You need to get counsel, need to seek the wisdom of the crowd, need to whatever it might be to then get the knowledge to be able to then do it consciously, to then work on it, apply it, turn it into a habit and then of course it then goes into then that unconscious competent space. So there we go. The relationship with craft, seeing things in that light, I think is hugely powerful.

Now, be it through a podcast, be it through a book, be it through going on a training course, or be it buddying up with people actually saying, hey, look, let's be our own learning council. Let's have regular conversations. Let's meet once a month online, grab a cup of tea and talk about our experiences, what we're learning, not relying on the organisation to supply you and potentially spoon feeds you with what it is that you need. Now, if you're in a particularly forward thinking organisation,

that has a phenomenal learning and development capability, you may be, you struck gold and actually you've got all the learning at your fingertips and that's being given to you.

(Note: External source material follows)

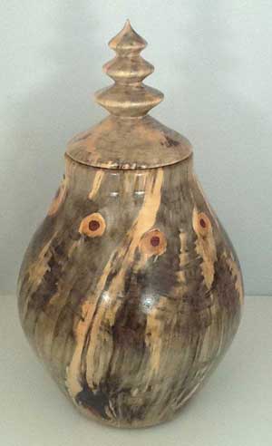 Most recently, he presented his work at a show where “a lady introduced herself as the director of one of the largest funeral homes” in the area and asked if he could make cremation urns. Bob has been doing many of those, as well as urns for pets’ remains. “A lot of people are doing this, to put it up on a shelf and be a memory of Fido — or Grandpa,” Bob said.

So that craft might be actually in the system itself. And that's a beautiful thing if that's what happens. But still in that space, I would argue it's great to be able to say, I've been on everything that I'm supposed to go on, but there's something very valuable.

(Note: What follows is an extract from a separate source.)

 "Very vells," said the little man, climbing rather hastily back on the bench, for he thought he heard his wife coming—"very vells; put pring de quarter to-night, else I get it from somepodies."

about you being able to indicate your relationship with the craft that doesn't rely on the organisation giving that to you. Because actually when you step from those wicked, into those wicked spaces I should say, the organisation sometimes may not be able to supply you with the answer, but your capacity to not be then vulnerable at that space because it's not being spoon-fed to you, but you have a reliance on yourself.

not just the system that you're in is a very strong indicator for future success. Okay, so listen, I hope that's been of some value. This is gonna be on YouTube, so you can see the image that I've drawn if that's of some value. But if nothing else, I think that's my kind of first kind of move into talking to you all directly. I'm sure I'll get better at it.

As I go, the difference between speaking to an audience and speaking to myself is something I'll just have to get acclimatised to. But I hope it makes sense. I hope it's been of value and I will no doubt get some feedback from some of you in due course. Take care.